Start of Material supplied
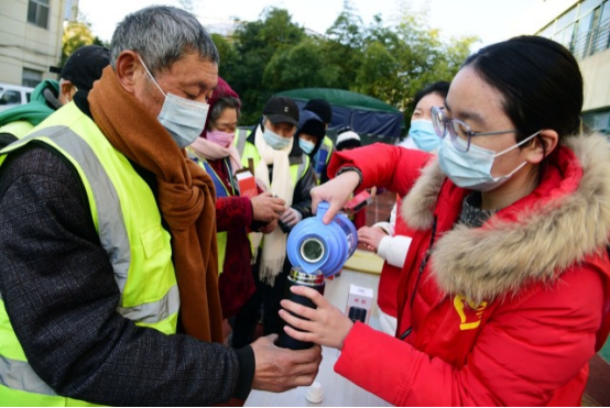 1月16日,sunbet申搏官方网站志愿者向环卫工人赠送围巾和保温杯。石玉成 摄
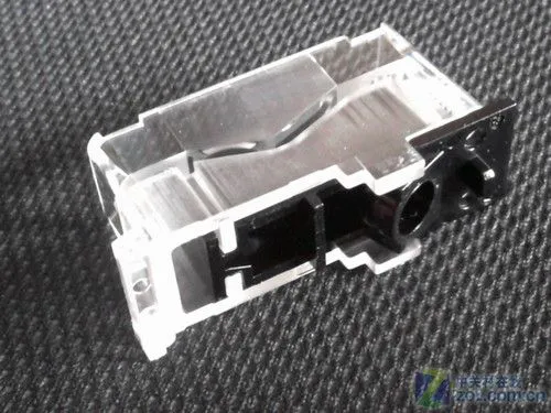 “蓝影”光学引擎专用透镜,很高,蛮有些“花盆底”的味道。黑色部分起固定高亮LED光源及防漫射作用。
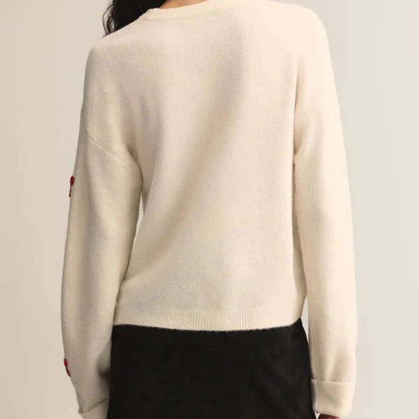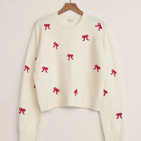 Playful yet cozy, this crewneck sweater is finished with delicate bow embroidery across soft yarns. Its relaxed fit makes it the perfect festive layering piece.
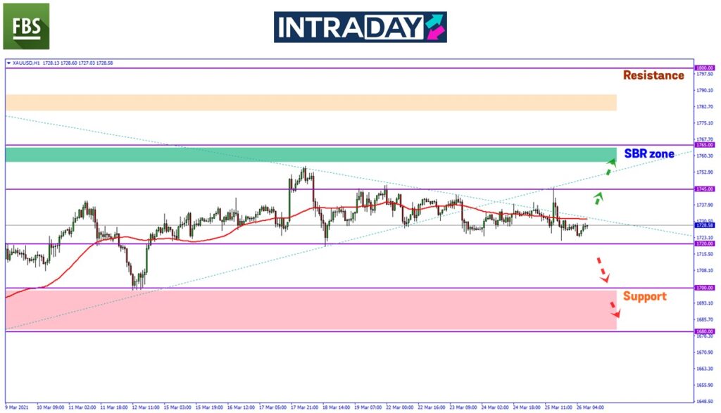 Sekiranya harga jatuh lebih rendah di bawah paras 1720.00, penurunan harga akan didorong sehingga ke paras support 1700.00 semula.
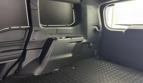 Este proceso incluye la eliminación de los asientos traseros, la instalación de paneles interiores de acero opacos y un mamparo metálico completa con rejilla superior.
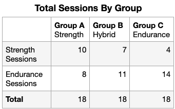 - Group B (Hybrid) trained strength 2 days/week and endurance 3 days/week.
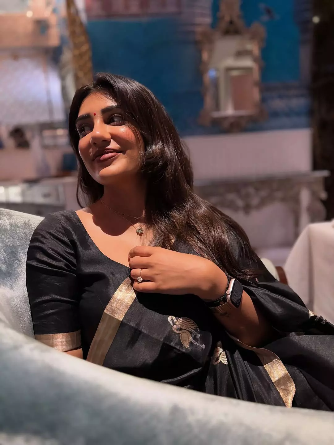 Supritha Naidu who always makes her fans go gaga with her style has recently shared a picture of herself on Instagram and it’s evident that she has an eye for fashion. She is seen dressed in a beautiful black saree with golden borders.
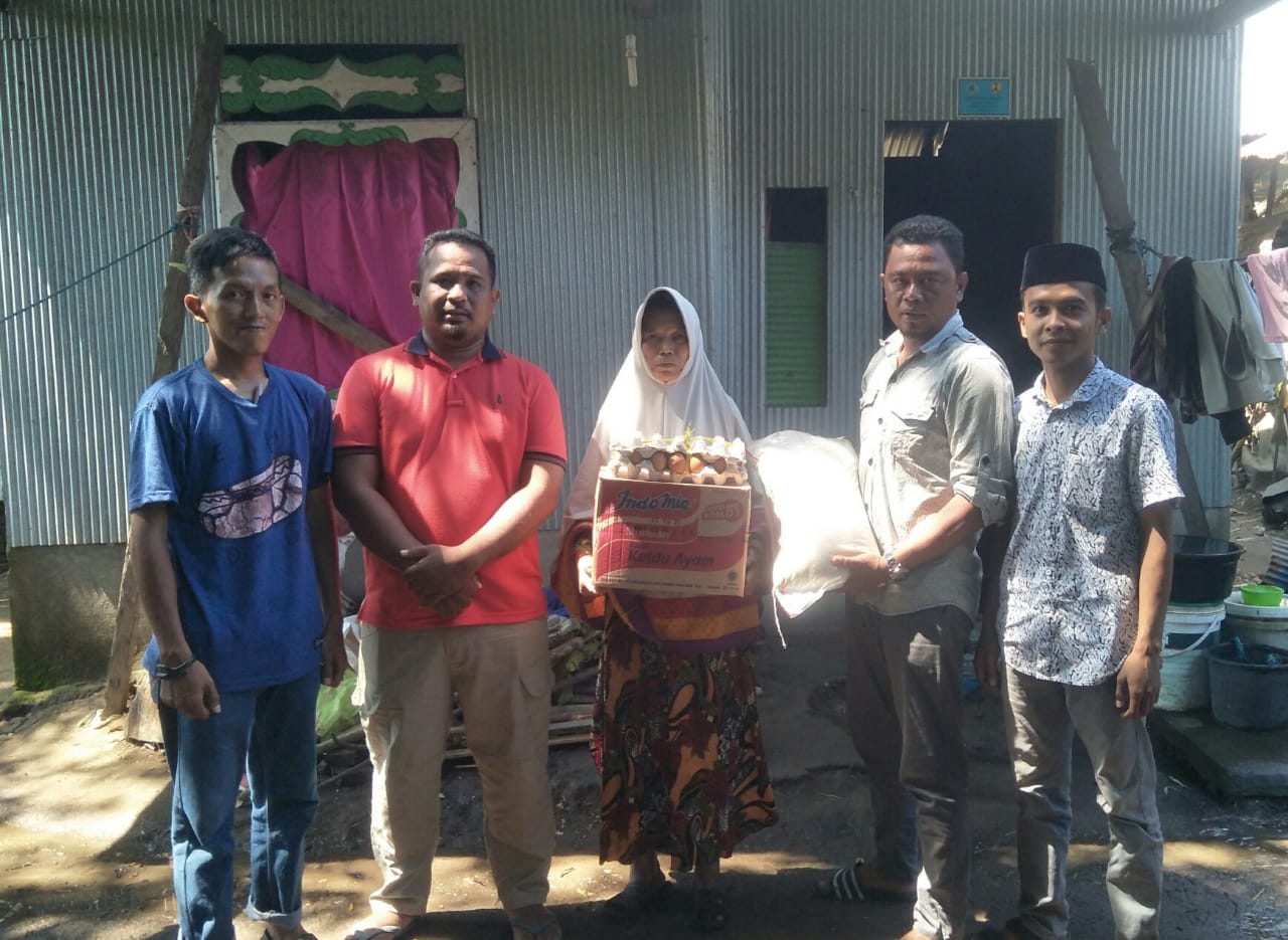 Bantuan yang di berikan berupa paket sembako yang terdiri dari Beras,telur,Mie Instan,minyak goreng dan sedikit uang belanja.
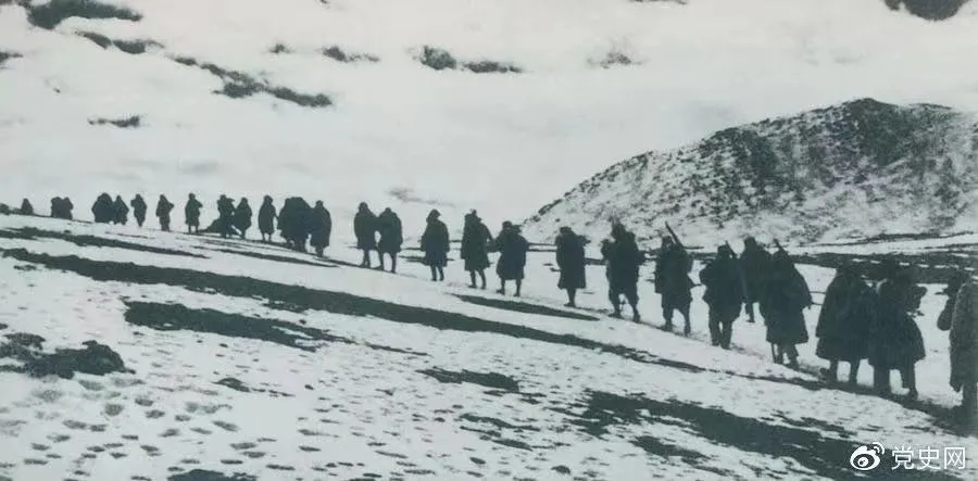 ▲1950年3月,人民解放軍開始向西藏進軍,10月6日至24日進行了昌都戰(zhàn)役,攻占昌都,打開了進軍西藏的大門,為和平解放西藏奠定了基礎(chǔ)。圖為迂回昌都南路的人民解放軍行進在海拔5000米的怒山山脈雪嶺上。
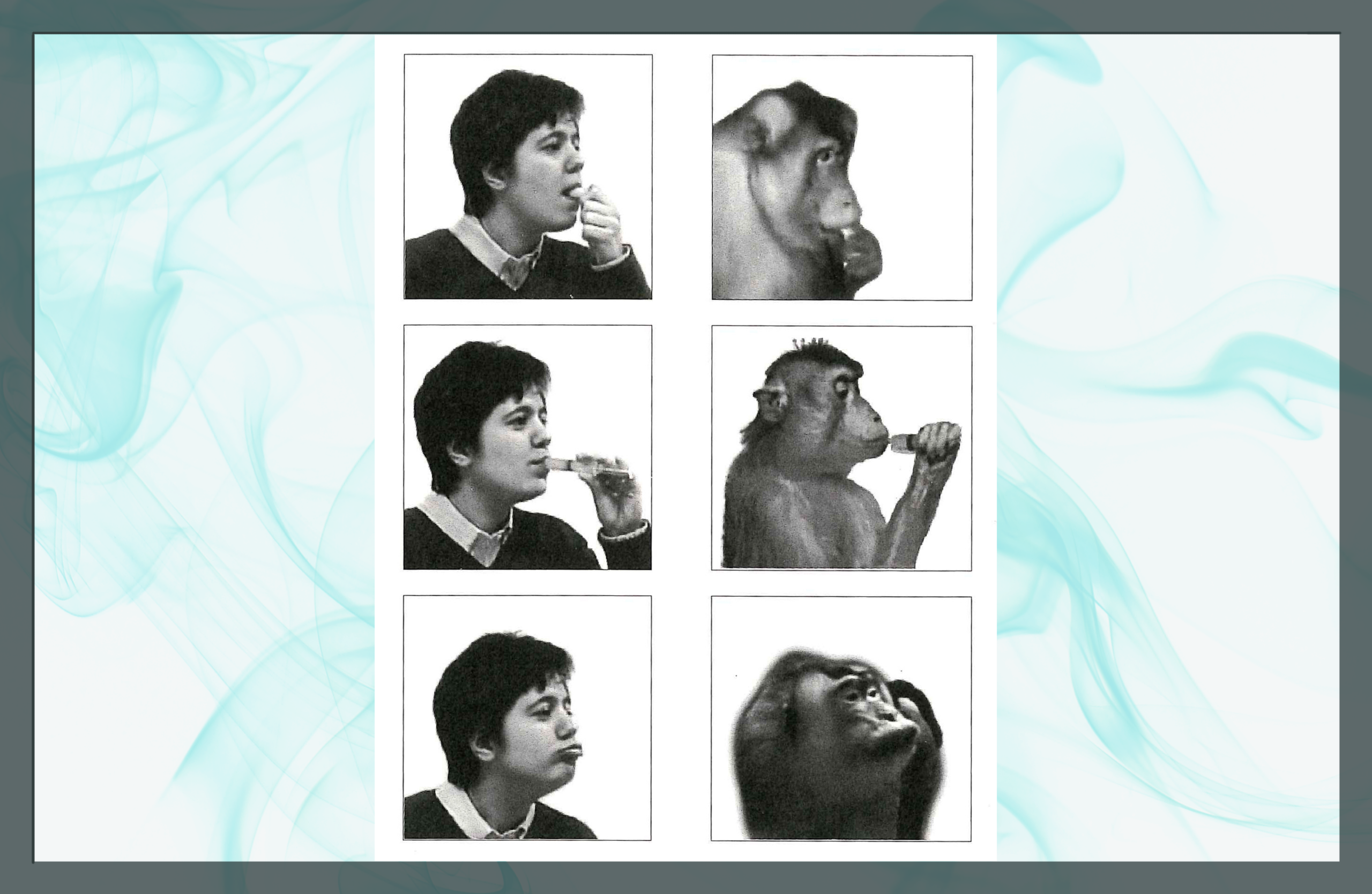 『ミラーニューロン』より。実験者による食べ物をくわえ、注射器からジュースを飲み、唇を突き出す行為を猿が真似ている。ミラー・ニューロンが活性化する共通項として摂食に関わる手と口の動きに反応することが知られている。
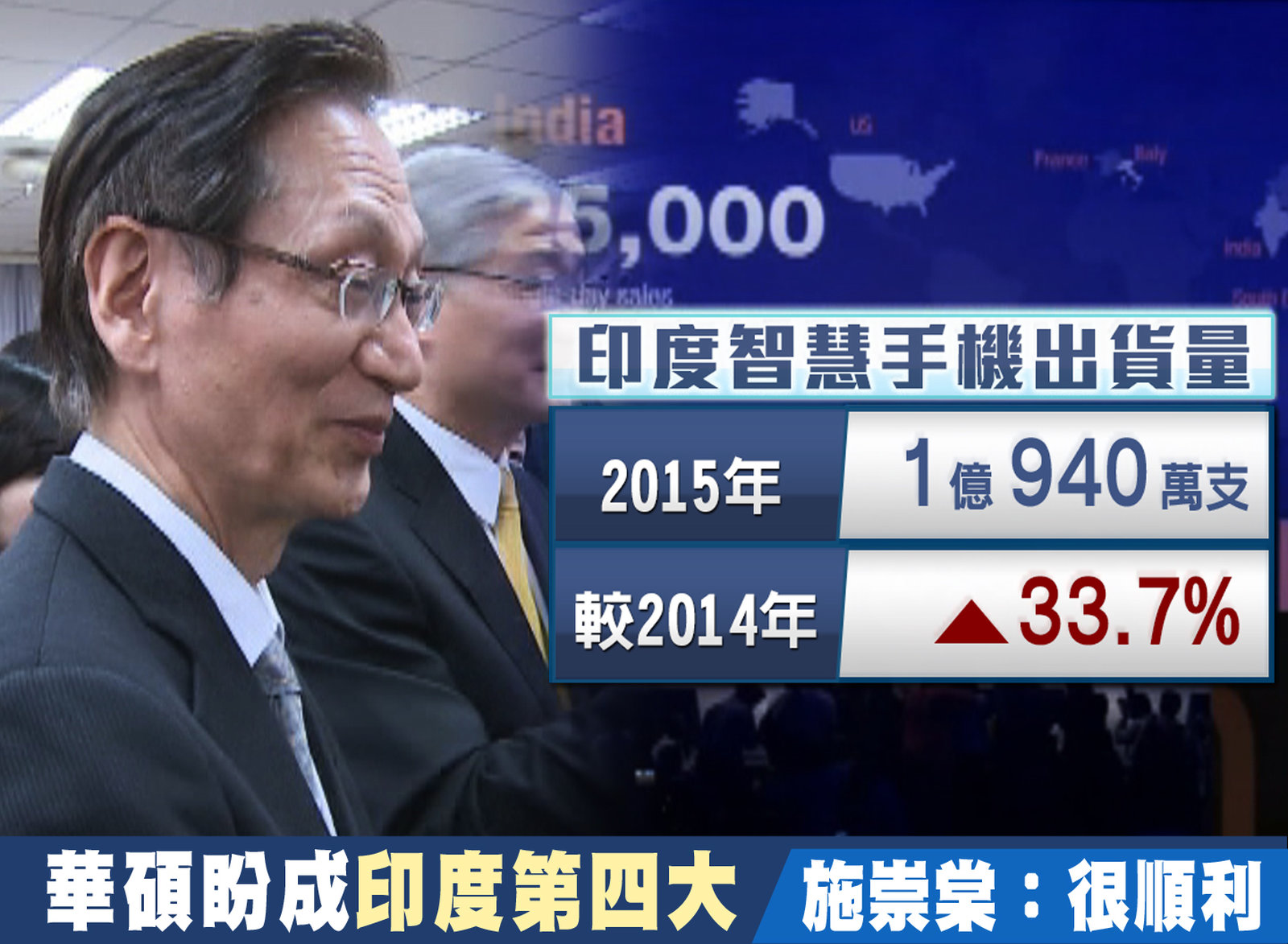 華碩進軍印度市場傳出銷售捷報,更期望能搶下5%市占率,成為印度第四大科技廠,今天董事長施崇棠出席臺大圖書館捐贈活動時,被問到,布局印度的進度時,施崇棠簡單回答,很順利。 //asset1.ntdtv.com.tw/public/uploads/assets/2015/09/19/2015-09-19-55fc19930fd8c.mp4 華碩|施崇棠|印度|聯想|智慧手機|楊泮池2015-09-18 21:28:35
End of Material supplied
● What this task involves
From the first line of the records through the line containing "Playful yet cozy, this", please output exactly those lines and nothing more, leaving out the pictures.

● Exercise result
 1月16日,sunbet申搏官方网站志愿者向环卫工人赠送围巾和保温杯。石玉成 摄
 “蓝影”光学引擎专用透镜,很高,蛮有些“花盆底”的味道。黑色部分起固定高亮LED光源及防漫射作用。
 Playful yet cozy, this crewneck sweater is finished with delicate bow embroidery across soft yarns. Its relaxed fit makes it the perfect festive layering piece.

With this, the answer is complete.